Smith's second law is the Law of Strata identified by fossils. This states that each stratum in the succession contains a distinctive set of fossils. This law allows beds to be identified as belonging to the same stratum even when the horizon between them is not continuous (Jackson, p. 128).

== Geological mapping ==
Smith used these new techniques, together with knowledge he had accumulated as a canal engineer and mineral surveyor, to produce geological maps. He started with a hand-produced map of the area around Bath in 1799. In 1815 he published a large-scale map of England, Wales and parts of Scotland. This was the first geological map of Britain (indeed, of any country) and a major milestone in geology (Winchester, p. 195; Jackson, p. 127). In 1819, Smith produced cross-sectional maps showing the underlying geology (Jackson, p. 128).

Smith's map of England and Wales was extensively plagiarised by others, starting with George Bellas Greenough in 1819 (Winchester, pp. 230-234).
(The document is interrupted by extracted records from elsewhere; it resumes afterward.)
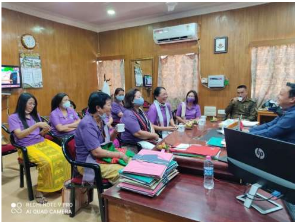
On 19 th November, 2020: The Central Executive Member and District Branches of the Arunachal Pradesh Women's Welfare Society (APWWS) and its affiliated bodies took out candlelight protests in various district headquarters and other towns of the state.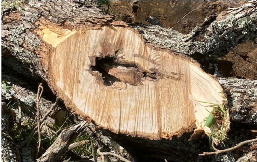
Floors Being Stripped City Hall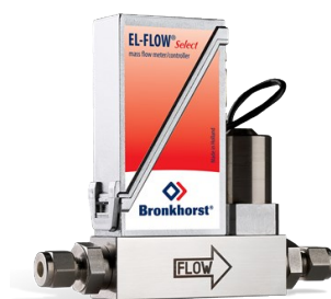
EL-FLOW SELECT F-201CV

Max. 120 g/h Flüssigkeit; Max. 10 l/min Gas Druckstufe 100 bar Sehr stabiler Dampf- Durchfluss Flexibles Gas- /Flüssigkeits Verhältnis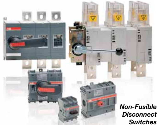
Non-Fusible Disconnect Switches

Positive opening operation safeguards users in case of welded contacts due to an extreme overcurrent situation. The ABB switch design cannot reach the OFF position unless the contacts are truly open. This safeguards the user by alerting them of the problem, maintains door interlock safety and does not allow a padlock to be inserted.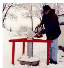
Water level measurement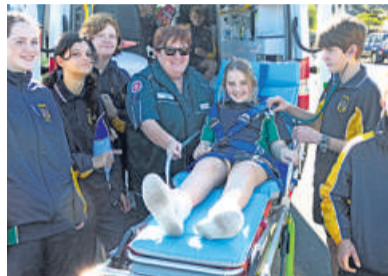
Mandurah Baptist students with Volunteers Ambulance officer.

On a beautiful winter's day, over 600 native coastal seedlings were planted around the main carpark, including a weed and litter pick up across dunes adjacent to the area. The students had a go on the fire hose, were handcuffed, breath-tested and strapped to the ambulance trolley. At the end of the day they participated in a sandcastle competition.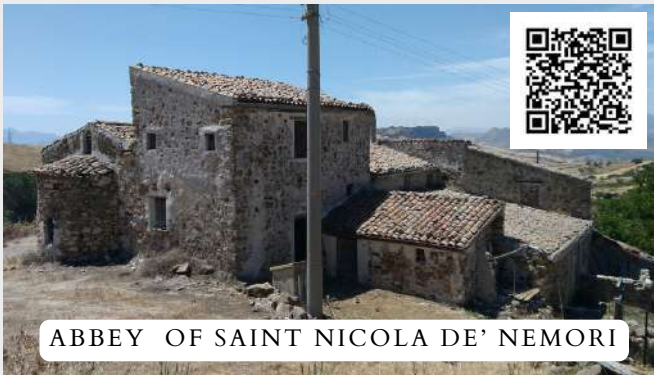
ABBHEY OF SAINT NICOLA DE' NEMORI

Smith's laws are still basic to the production of modern geological maps (Jackson, p. 128).

== Bibliography ==
- Patrick Wyse Jackson, The Chronologers' Quest: The Search for the Age of the Earth, Cambridge University Press, 2006 ISBN 1139457578.
- Simon Winchester, The Map That Changed the World: William Smith and the Birth of Modern Geology, HarperCollins, 2009 ISBN 0061978272.
- William Smith, Strata Identified by Organized Fossils, London: W. Arding, 1816.